Radikal Batıcılıkta amaç, Türkiye'yi elitleri ve kamuoyuyla Batı'nın çizdiği sınırları zorlayamayacağı bir “uydu müttefik” olduğuna ikna etmektir. Aksini savunanları da kamuoyu önünde önyargılı, gerçekçilikten uzak hayalciler olarak takdim etmektir. Halbuki asıl büyük önyargı budur...


Batıcı dış politika yegane gerçekçilik mi hayalcilik mi?

Türkiye'de çok tuhaf bir Batıcılık türü var: "Fanatik Batıcılık"... Belki radikal Batıcılık da denebilir ama zaman zaman bu kökten gelmekle beraber giderek "fanatikleşen" ayrı bir damar var. Radikal versiyonu da olsa Batıcılık, Türkiye'deki temel fikir akımlarından birisi ve muhakkak Türkiye'ye çok olumlu katkılar sunduğu yönler de var.
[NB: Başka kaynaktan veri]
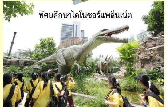
ทัศนศึกษาไดโนซอร์แพลนเน็ต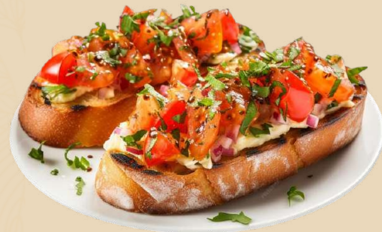
Imagine preluata cu titlu de prezentare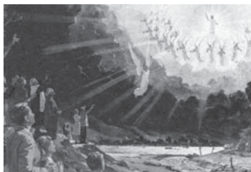
Înșerii din ceruri vor fi de partea copiilor lui Dumnezeu în lupta finală.

Răspuns: În această luptă finală, îngerii din ceruri (Evrei 1:13, 14; Matei 13:41, 42), și poporul lui Dumnezeu – rămășița – se vor alia cu Domnul Isus, care conduce oștile cerești, împotriva lui Satana și a aliaților lui (Apocalipsa 12:17; 19:11-16).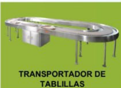
TRANSPORTADOR DE TABLILLAS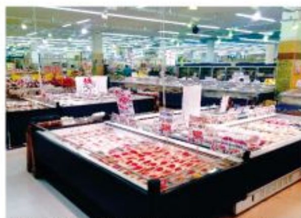
■安さの演出に必要な、平型ケースを多用している

「パワーセンターうおかつ」を運営する「株式会社カルチャー」は、群馬県高崎市を中心に5店舗を運営している地域密着のスーパーマーケットである。「豊富な品揃え」と「鮮度」、そして、特に「お値打ち価格」での販売で多くのお客様から支持されている。省エネ対策と電気代の削減を進める為、補助金活用でリニューアルを実施。今回の倉賀野店は、一昨年の樓名店に続き、2度目の省エネ補助金活用となる。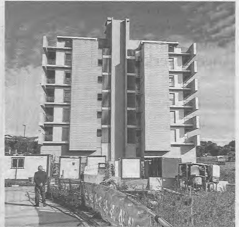
En la CAV la hipoteca para primera residencia no paga.

Se falle lo que se falle, los consejeros delegados de los bancos coinciden en que no contemplan la posi-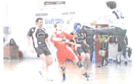
Un'azione dell'Abc Bordighera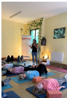
Arnasketa-tailerra Taller de respiración ALGORTA YOGA SHALA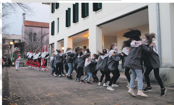
Sorgin Dantza doinuak entzun zituzten, berriro ere, Oriako auzotarrek.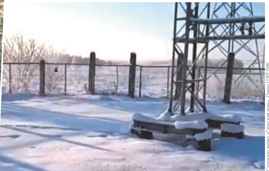
Зверек случайно заскочил на территорию подстанции, а выбраться обратно уже не смог.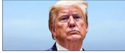
ईरान से समझौते के लिए खुद पाकिस्तान जाएंगे ट्रम्प! पेज 12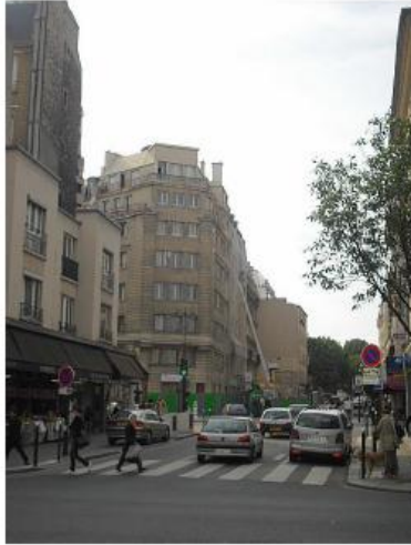
Etat de l'existant :

Batı ile ilişkilere zarar veriyor

Ancak dünyadaki ve Türkiye'deki şartlara bağlı olarak "radikalleşen" Batıcılığın dönem dönem Türkiye'ye de Batıcılık fikrine de zarar verdiğini müşahede edebiliyoruz. Hele bu radikal Batıcılıktan neşet eden fanatik Batıcılık Türkiye, Batıcılık ve Türkiye'nin Batı ile ilişkileri bakımından ciddi zararlar veriyor, daha büyük zararlar verme potansiyeline de sahip.

Tony Judt bir yerde fanatizmi bir "maksadını unutan gayretkeşlik" olarak tanımlıyor. Türkiye'de fanatik Batıcılığın gerçekten maksadını unutmuş bir gayretkeşliğe denk gelen bir tarafı var; diğer tarafı ise bilhassa "maksatlı" ve Batılı devletlerin Türkiye'ye karşı menfaatlerini savunmaya doğru seyreden gri bir alana, istihbarat alanına denk geliyor.
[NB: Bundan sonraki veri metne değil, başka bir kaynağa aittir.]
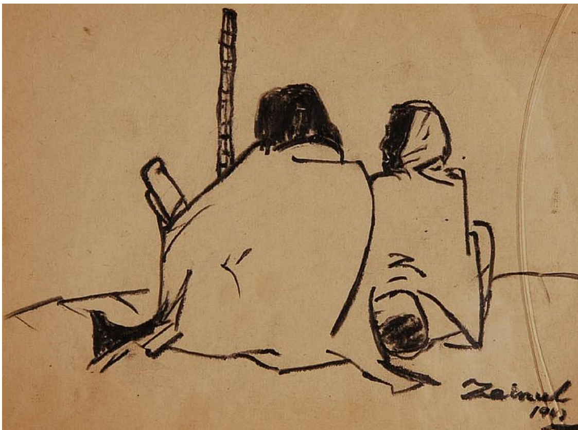
Zainul Abedin, Esquisses de famine , 1943

Les révolutions ne sont pas la course en train, mais la course humaine qui s'empare du frein d'urgence : Vingt-neuvième lettre d'information (2019).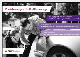
Versicherungen für Kraftfahrzeuge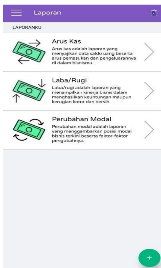
Gambar 5. Fitur utama Temanbisnis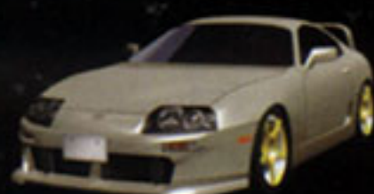
TOYOTA SUPRA RZ

News-making car types including Toyota ALTEZZA, Honda S2000, Nissan SKYLINE GT-R (R34) have been added to the existing 21 car types. Eleven of the existing types have been modified into more sophisticated models. The new series now boasts of a lineup of 29 powerful car types for arcade games. The instrument panel and instruments are provided just like the real ones. This unparalleled virtual reality enhances the player's empathy into the game.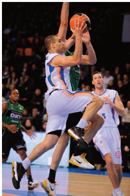
Ante el Menorca

De lograr pasar, sería una de las noticias de esta Copa del Rey, uno de los factores que tienen a su favor, es que los grandes suelen sentir bastante presión el primer día de competición, y no realizan grandes partidos.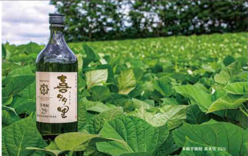
本格芋焼酎 喜多里 25%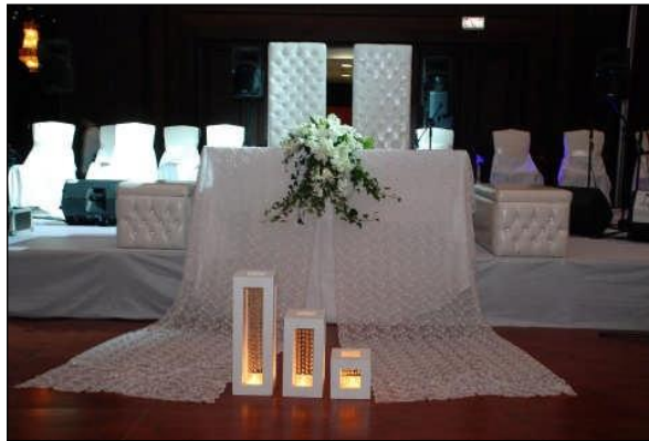
Resim 2.16: Nikah masası

Kapalı alanda nikah masası süslenirken dantel ve özel örtüler tercih edilmelidir. Lake nikah masalarında örtü kullanılmaz. Örtü yerine taşlar veya çiçeklerle süsleme yapılmalıdır. Mutlaka örtü kullanılmak isteniyorsa, masanın ayaklarını örtecek şekilde ve biraz da zemine dökümlü duracak şekilde düzenlenmelidir. Nikah masası üzerine canlı çiçek aranjmanı kullanılır. Bu aranjmanda düğün rengi olan beyaz renk tercih edilmelidir. Uzun nikah masalarında çiçek aranjmanı her iki uç ve cepheye gelecek şekilde yerleştirilir. Masaya tek aranjman konulacağı zaman masanın ön cephesinin ortasında veya uç kısmında dizayn edilir.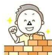
歴史に残る大聖堂を 造ってるんだよ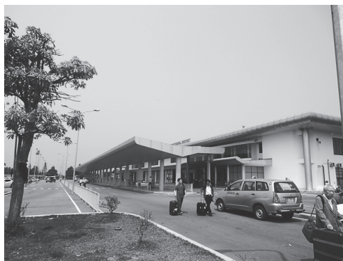
【写真 28】ホーチミン市からフエ市へ移動（飛行機）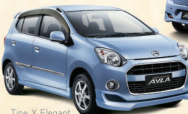
Type X Elegant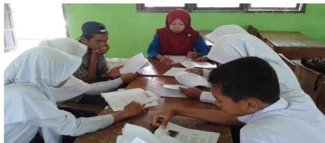
Gambar 2 Peserta Didik Memahami Materi Menulis Berita Pada Model Bahan Ajar

Hasil sikap siswa pada evaluasi kelompok kecil dapat dilihat pada penilaian angket kelompok kecil sebagai berikut: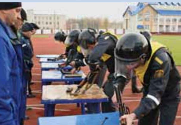
Не службой единой...

История Витебского областного управления Департамента охраны МВД Республики Беларусь начинается 29 октября 1952 года, когда на основании Постановления Совета Министров СССР № 4633-1835с «Об использовании работников в промышленности, строительстве и других отраслях народного хозяйства, высвобождающихся из охраны, и мерах по улучшению дела организации охра-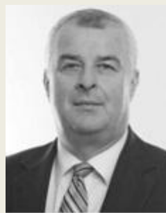
PharmDr. Zdeněk Blahuta ředitel Státní ústav pro kontrolu léčiv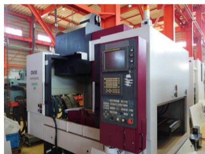
立型マシニングセンター OKK VM5III 2006年製 FANUC180is-MB BT50 管理番号:P007824 置場:東日本マシンプラザ

Türkiye ve aslında her ülke zaman zaman müttefikleriyle anlaşmazlık ve çıkar çatışması yaşayabilir. Siyaset, devlet aklı ve diplomasi bu sürecin yönetilmesi, kısa ve uzun dönem, ehem ve mühim arasında bazen bir öncelik bazen bir denge kurma düşünme sanatıdır. Ancak Osmanlı'da Türkiye'ye, ebette başka ülkelerde de, bu tür meseleleri kendi ülkelerinin hak, hukuk ve menfaatler yerine ittifakta güçlü olan ülke lehine çözerek kendi statülerinin güçleneceğini ve buradan siyasi veya başka tür bir güç devşireceklerini düşünen siyasetçi, bürokrat ve aydınlar olabilmektedir. Radikal Batıcılık bu isim ve kesimlere kendi ülkelerinin aleyhine, anlaşmazlık yaşanan güçlü Batı ülkesi lehine davranmanın moral zemini vermekte ve milli menfaatler aleyhine davranmayı, argüman üretmeyi meşrulaştırabilmektedir.
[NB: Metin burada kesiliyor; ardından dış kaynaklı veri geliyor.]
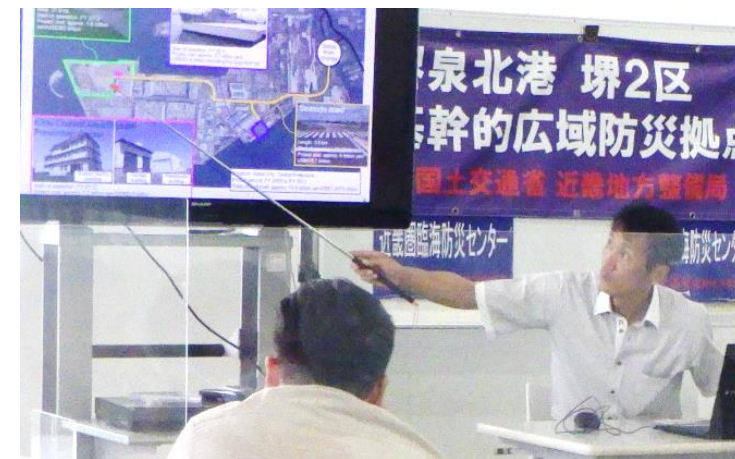
講義「近畿の港湾における災害対策」・講義「堺泉北 堺2区基幹的広域防災拠点の概要」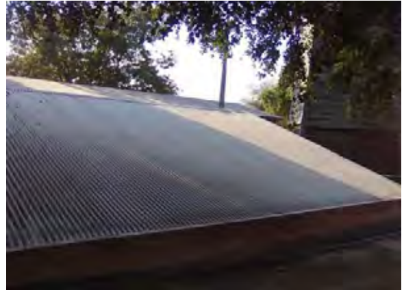
Filadelfia市 雨水集水用屋根(配水池)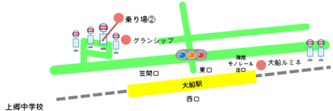
JR 大船駅バス乗り場案内図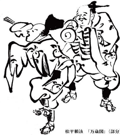
松平頼該「万歳図」(部分)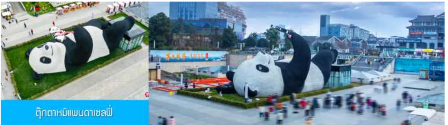
ตุ๊กตาหมีแพนด้าเซลฟี

เที่ยง รับประทานอาหารกลางวัน ณ ร้านอาหารพื้นเมือง (8)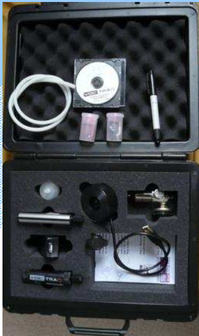
VOC-TRAQ et sa mallette accessoires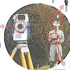
リモートキャッチャー RC-PR3 または RC-PR4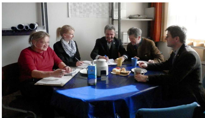
Společné setkání organizátorů koncertu v Pleysteinu

Díky profesionálnímu vystupování hudebníků, se tak každým rokem rozeznává významná dominanta našeho Města Boru.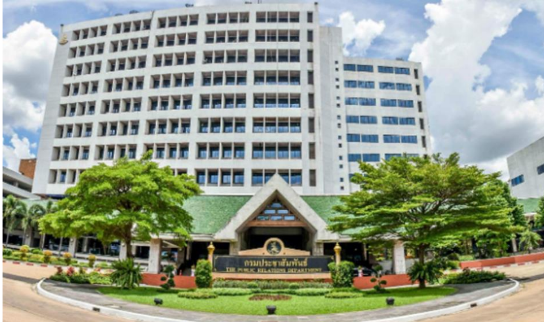
ภาพที่ 1.2 ภาพสถานที่ตั้งกรมประชาสัมพันธ์

อธิบายชี้แจงให้ประชาชนเข้าใจอย่างกว้างขวางเป็นการสร้างความเข้าใจ อันดี โดยมีวิทยุ โทรทัศน์ หนังสือพิมพ์ และภาพยนตร์เป็นเครื่องช่วย จึงเปรียบได้กับการเป่าสังข์ของท้าวดาในสมัยโบราณเพื่อบอก สัญญาณ และเรียกประชุม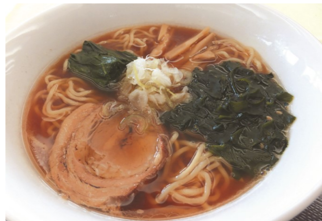
昔ながらのしょうゆラーメン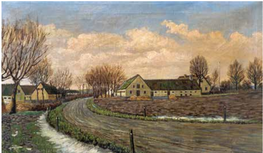
Nyrup set fra øst. Maleri af Aage Frederiksen, 1951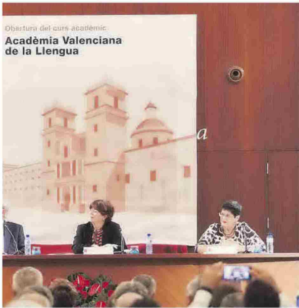
ntó, celebrado ayer en Sant Miquel dels Reis.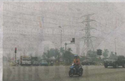
KEADAAN cuaca berjerebu ketika tinjauan di Jalan Klang-Banting semalam.

Tambahnya, semua sekolah terlibat diingatkan supaya merujuk kepada Prosedur Operasi Standard Penutupan Sekolah Berikutan Kejadian Jerebu bertarikh 18 September 2019 dan mengambil tindakan selaras dengan kenyataan dalam surat siaran tersebut.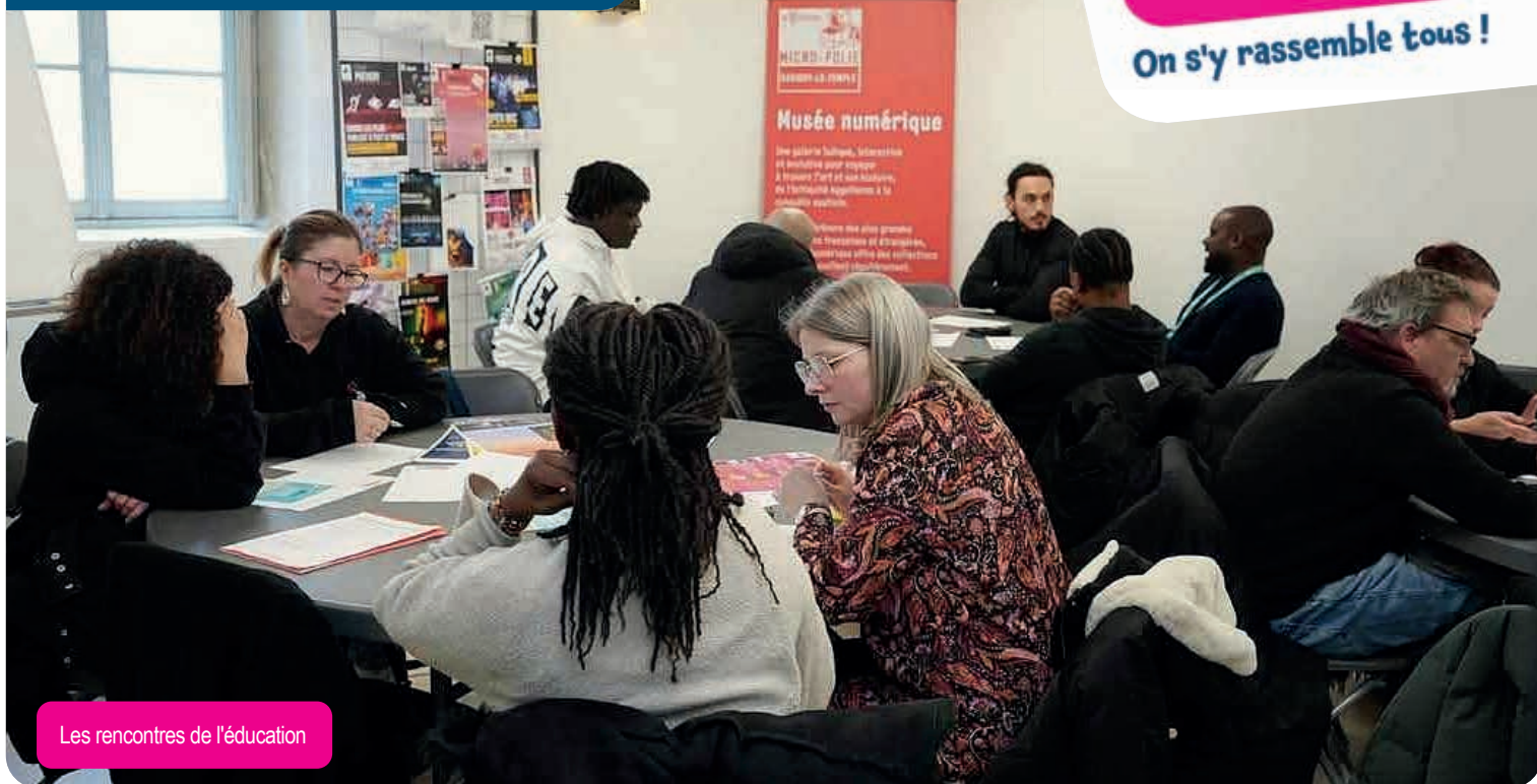
Les rencontres de l'éducation

GAZETTE DES CENTRES SOCIAUX #19 | JANVIER - FÉVRIER 2025

Elitler içindeki marazi durum

Tabii kendi ülkenizin milli menfaatleri aleyhine, müttefikiniz de olsa sizin devletinizle çıkar çatışması yaşayan güçlü devlet lehine argüman üretmek ve bu istikamette tavır sergileyebilmek kolay değil. belli bir eğitim, yetenek ve etkili olabilmesi için de bir statü istiyor. O yüzden de radikal ve fanatik Batıcılık, esas itibarıyla elitler içindeki bir marazi durumdur. Radikal Batıcılık veya fanatik Batıcılık tavır doğrudan olmaktan ziyade, dolaylı tutum ve argümanlarla sahaya çıkıyor.

Mesela ülkeniz ABD ile anlaşmazlık yaşıyorsa ve çıkar çatışması gözle görünür haldeyse, ülkenizin ABD karşısındaki güçsüzlüğünü anlatarak aslında kamuoyuna ülkenizin menfaatlerini savunan siyasetçi, bürokrat ve aydınların gerçekçilikten kopuk ve hayalci olduklarını anlatmanız iyi bir argüman olabilir. Bu argümanı sahaya taşıyabilmek için siyasi bir demeç verirken veyahut siyasi bir tartışma programında ülkenizin süper güç olmadığını, çok güçlü olmadığını, orta güçte bir devlet olduğunu söylersiniz. Bu bakımdan hayalci olmamak ve gerçekçi olmak milli menfaatlerimize uygun olur şeklinde genel geçer bir konuşma ile aslında güçlü Batılı ülkenin karşısında milli menfaatleri savunanları hayalci olarak takdim edebilirsiniz. Halbuki Siyasalda öğrencilere ders anlatmıyor, siyaset yapıyorsunuzdur. Devletimiz ABD'ye itiraz edemez, o büyük, biz orta devletiz; hatta İngiltere ve Fransa'dan da küçüğüz demek için mi büyükelçi, istihbaratçı, siyasetçi statünüze sığınarak kendi devletiniz aleyhine dolaylı tutum takınırsınız. Bu mukayeseyle amaç, Türkiye'ye had bildiren Batı politikasını empoze etmekten ibarettir. Bunu Batı ülkelerinin diplomat, istihbarat, siyasetçisi yapabilir; zaten yapıyor ama Türkiye'den emekli maaşı alan emekli büyükelçi, asker yahut istihbaratçının yapabilmesi, üzerinde ciddiyetle durulacak bir durumdur.

'Uydu müttefik'

Peki bu iddiayı dile getirmekten siyasi maksat nedir? Amaç, Türkiye'yi elitleri ve kamuoyuyla Batı'nın çizdiği sınırları zorlayamayacağı bir "uydu müttefik" olduğuna ikna etmektir. Aksini savunanları da kamuoyu önünde önyargılı, gerçekçilikten uzak hayalciler olarak takdim etmektir. Halbuki asıl büyük önyargı budur...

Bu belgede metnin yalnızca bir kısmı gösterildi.